St. Paul city officials say the bridge was originally slated to be replaced in 2004. A MnDOT plan calls for replacement between 2015 and 2023, the same period during which the I-35W bridge was to be replaced.
Dorgan said that, unlike the I-35W bridge, Cayuga is not a fracture-critical bridge. It has redundant beams, meaning that the failure of one part would not necessarily lead to complete collapse. The main concern with Cayuga, he said, is the bridge's deck.
"The worst that can happen is you punch a hole in the deck and you have to shut a lane down," Dorgan said.
Why has the Cayuga not yet been replaced?
In a word, money. Five years ago Elwyn Tinklenberg, then MnDOT's commissioner, announced that 163 projects during the next decade would be deferred because of a lack of funds. One of those projects was the Cayuga bridge.
Across the country, the public is scrutinizing bridges' sufficiency ratings -- a federal highway administration measure for funding bridge projects. Not just a measure of safety, the ratings take into consideration factors such as the amount of traffic a bridge carries and the length that a detour would require.
"It's a composite of all kinds of different issues," Dorgan said, adding that a bridge with a lower sufficiency rating could actually be in better structural condition than one with a higher rating.

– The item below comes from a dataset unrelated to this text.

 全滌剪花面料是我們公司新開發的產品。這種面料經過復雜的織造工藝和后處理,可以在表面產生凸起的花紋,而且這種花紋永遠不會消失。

There's no point on the sufficiency scale that warns of imminent collapse, Dorgan said. If engineers determine that a bridge is unsafe, MnDOT would close it, he said.

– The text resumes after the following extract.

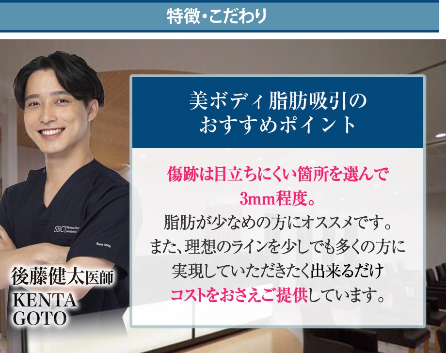| 脂肪吸引注射(ボディ)(肩甲骨横・ブラ上・ブラ下いずれか(麻酔(局所麻酔)代が含まれています。※別途安心麻酔(静脈麻酔)代がかかります。 )) | 109,220円 |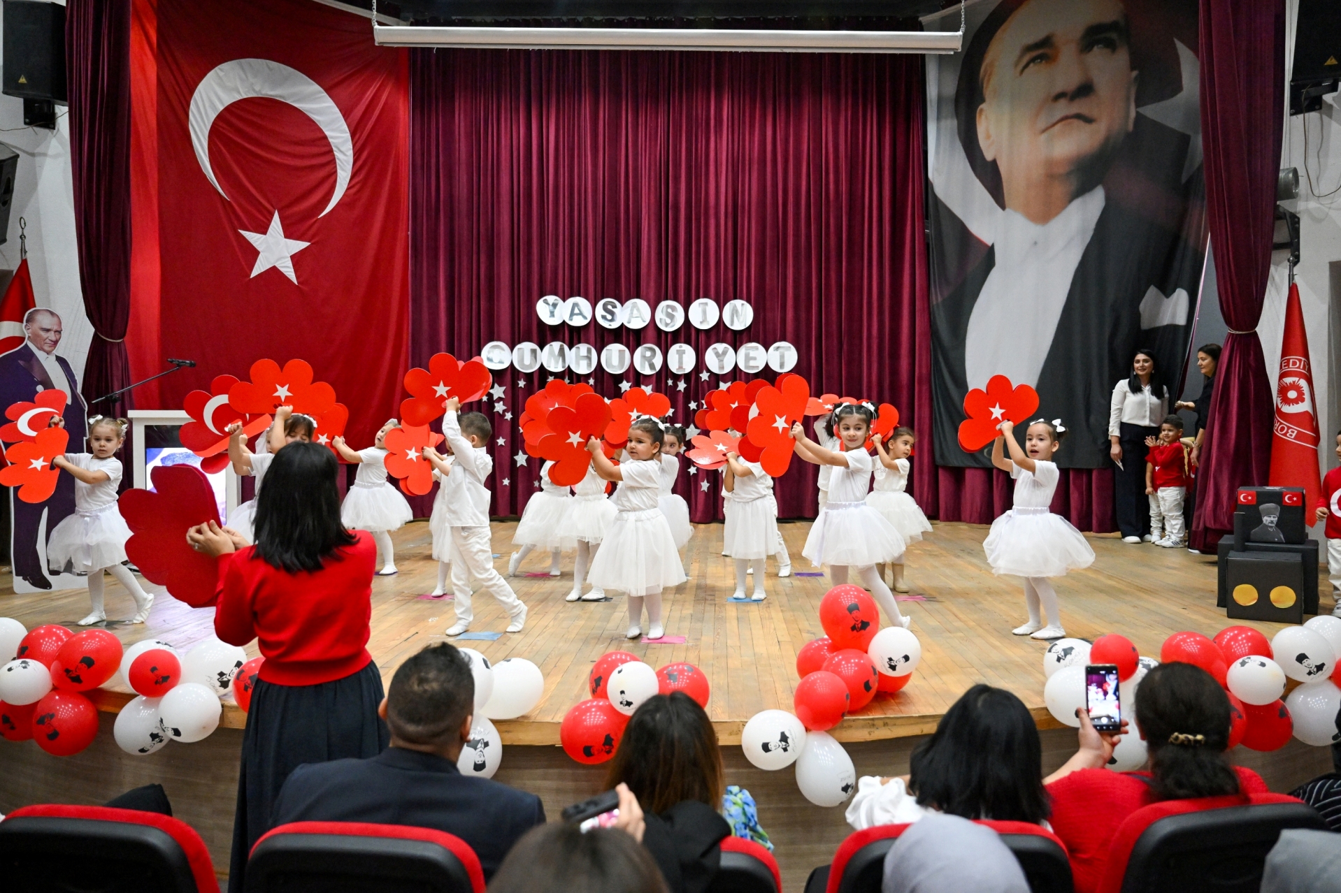 Ailelerinin yoğun ilgi gösterdiği etkinlikte, minikler performanslarıyla büyük beğeni toplarken veliler de cep telefonlarıyla bu özel anları ölümsüzleştirdi. Salonda renkli görüntüler oluştu, Cumhuriyet coşkusu miniklerin enerjisiyle birleşti.

Bridge inspectors look for deterioration by measuring metal thicknesses after corrosion, cracks and chips in concrete and cracks caused by metal fatigue. Inspectors who find cracks in key locations would call an inspection engineer and possibly shut the bridge down, Dorgan said.
As a bridge deteriorates, highway officials will restrict heavy loads from crossing it, he said. That may mean keeping extremely heavy trucks off first, and possibly all traffic later. In the meantime, transportation officials often plan for the bridge's repair or replacement.
Fracture-critical bridges are inspected more often and are watched more closely, Dorgan said.
Facing the heat
Closing a bridge can be an unpopular call.
Samuel Schwartz faced scorn from merchants, commuters and the mayor when, as chief engineer overseeing bridges in New York City in 1988, he closed the Williamsburg Bridge between Manhattan and Brooklyn.
"You have to have a lot of backbone," he said. "You're gonna catch both political heat and public heat."
It got so bad, he said, that he spent part of a day watching the scene in "To Kill a Mockingbird," where Gregory Peck wipes spit off his face instead of fighting back.
In Minnesota, when Richard Braun was transportation commissioner in 1984, he shut down the nearly century-old St. Paul High Bridge because nobody knew "when it might collapse into the Mississippi River," according to a newspaper report. The bridge was later replaced.
"To this day I have no idea how I had the guts to do this all by myself," Braun said.